All these non-linearities create false readings in the data if you don’t understand what is going on.
Upzoning doesn’t help if you’re on the flat part of the supply curve under hysteresis.
At a national scale, the demand curve is hitting the vertical part of the supply curve at the right end. Large scale investors will likely be an important factor in getting national housing supply high enough to reduce accumulated rent inflation. But, under current conditions, banning large investors might not create an immediate shift because the demand curve might still be hitting the supply curve at the vertical right end, even without them. And, it might well lower home prices by moving the demand curve down, but not down far enough to get to the flat part of the supply curve.
So, the anti-corporate folks will say, “See. Banning investors lowered prices and didn’t have any effect on construction.”
Supply-crisis skeptics might notice that after 2008 the supply curve seemed vertical, and scoff, “Oh, did every city suddenly downzone?” And some economists might even conclude that, “Yes! They did!”

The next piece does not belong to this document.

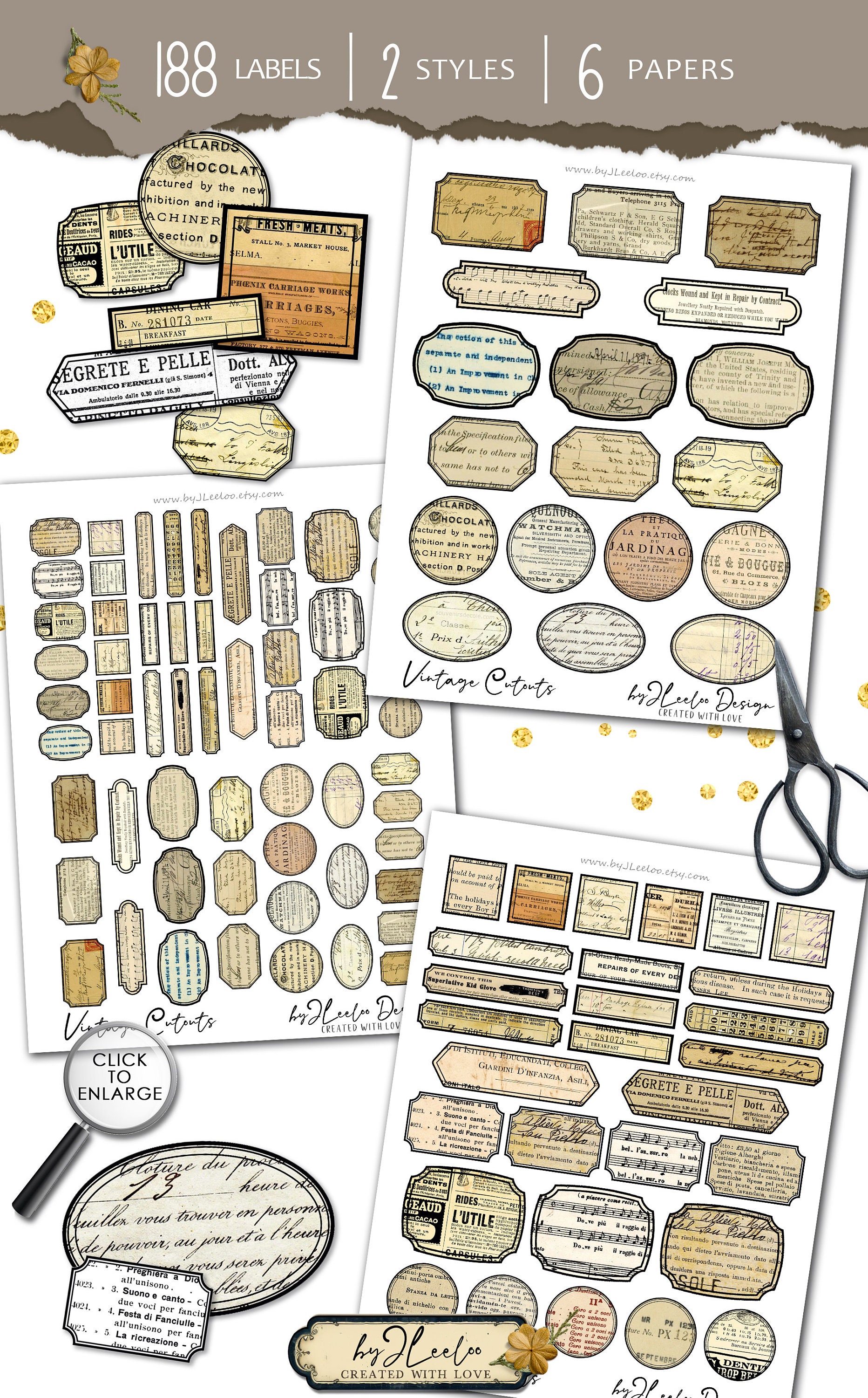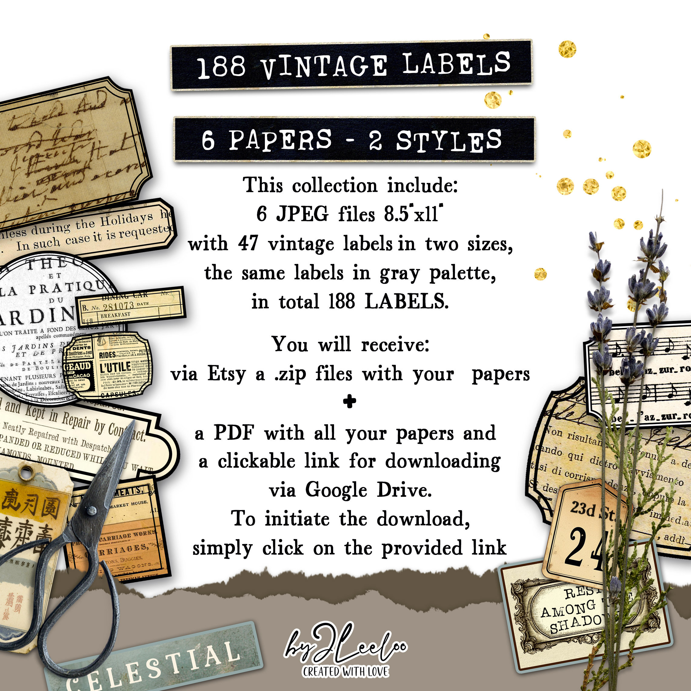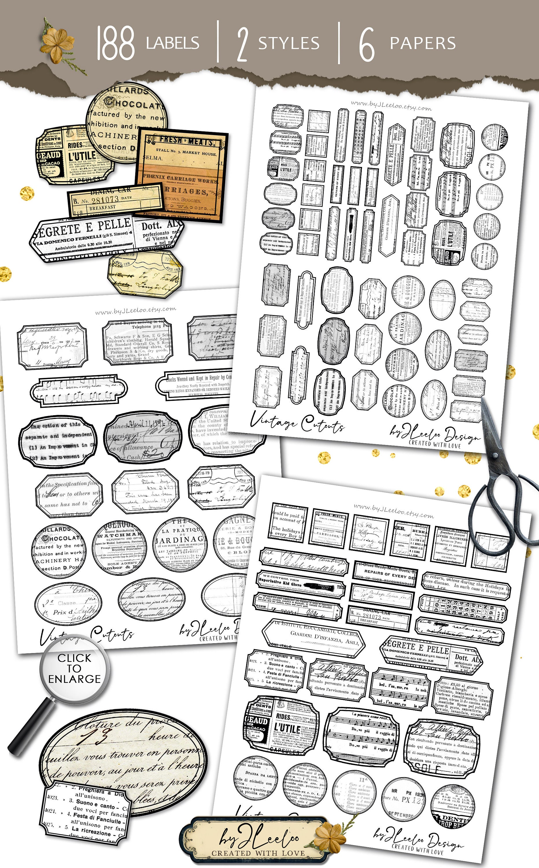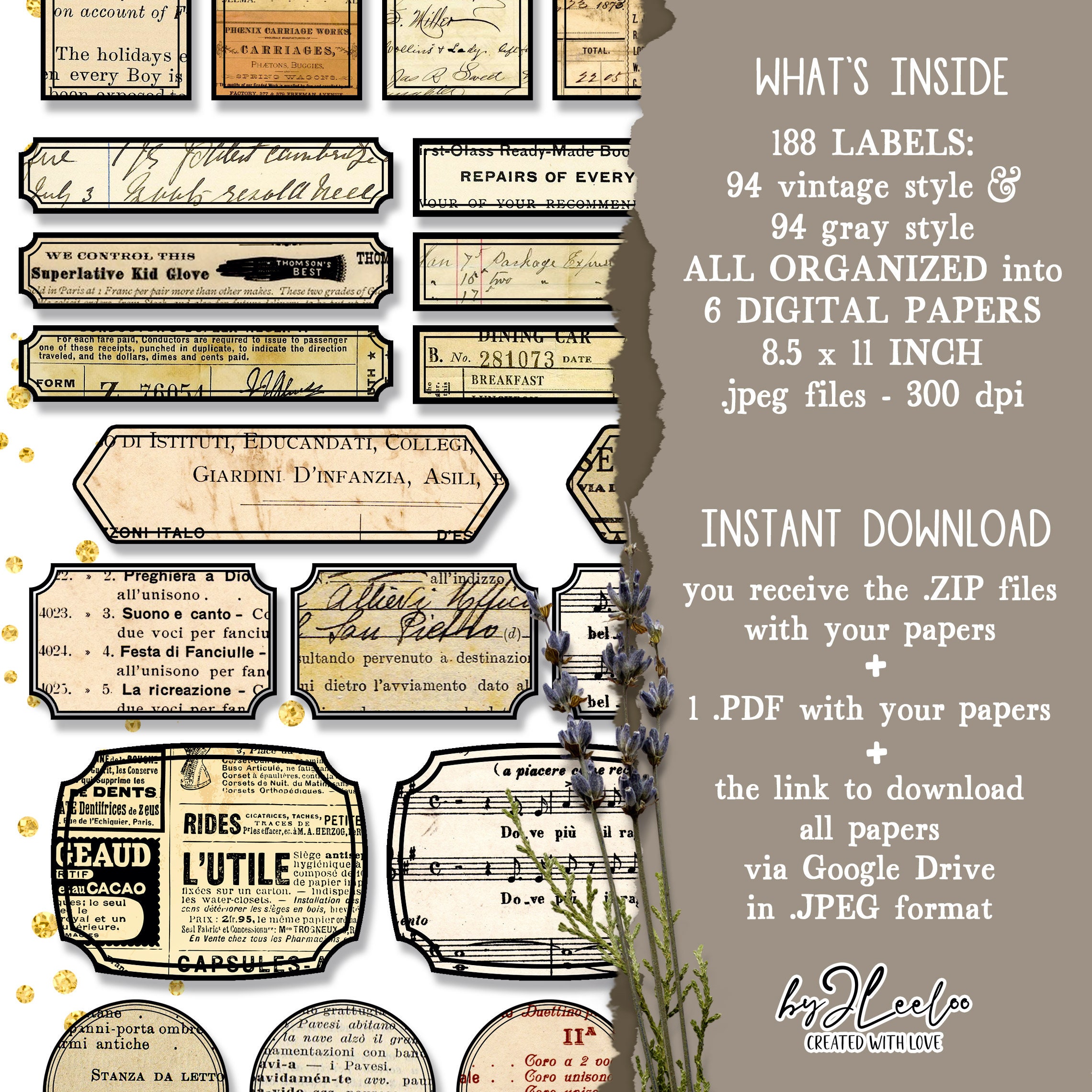 These labels, in vintage tones and in a gray palette, make for a fantastic neutral base. You can use the ones already in vintage tones, or print the ones in gray tones on colored paper of your choice. Alternatively, print them as they are and color them yourself as your imagination inspires you. The important thing is to have fun!

This makes housing analysis difficult under today’s conditions. We want to think about linear supply and demand curves being moved around by various factors, but housing today is characterized by extreme differences in elasticity. Supply curves are flat or vertical, and they are being moved to flat or vertical conditions by an array of complications. Right now, you could say that the supply curve is simultaneously vertical (national hysteresis conditions) and flat (greenfield regions around most cities).
Unfortunately, since all these factors are routinely underappreciated, it is very easy to publish analysis on housing that is straight up garbage, with a veneer of quantitative certitude.







I enjoyed the article! You mentioned how these complications make it possible to publish papers flawed reasoning, were you thinking, for example, of the recent GCPI paper (McCrae et al.)?
Although I pretty much agree on everything here and think this is an abhorrently underrated insight, just want to point something out RE greenfield:
It’s completely possible for you to be correct about greenfield *supply* being on a flat part of the hysteresis curve, and for me to be correct about greenfield *demand* having hit a relatively vertical part of the hysteresis curve due to BOTH the mortgage crackdown AND underlying antipreferences for the suburban development style.
Basically, Millennials grew up in stroad-infested hellholes and don’t want to live in either the unaffordable ones they grew up in nor their exurban apotheoses; the mortgage crackdown simply ensured they didn’t have an attractively cheap escape hatch to just default to exurban greenfield *anyways*.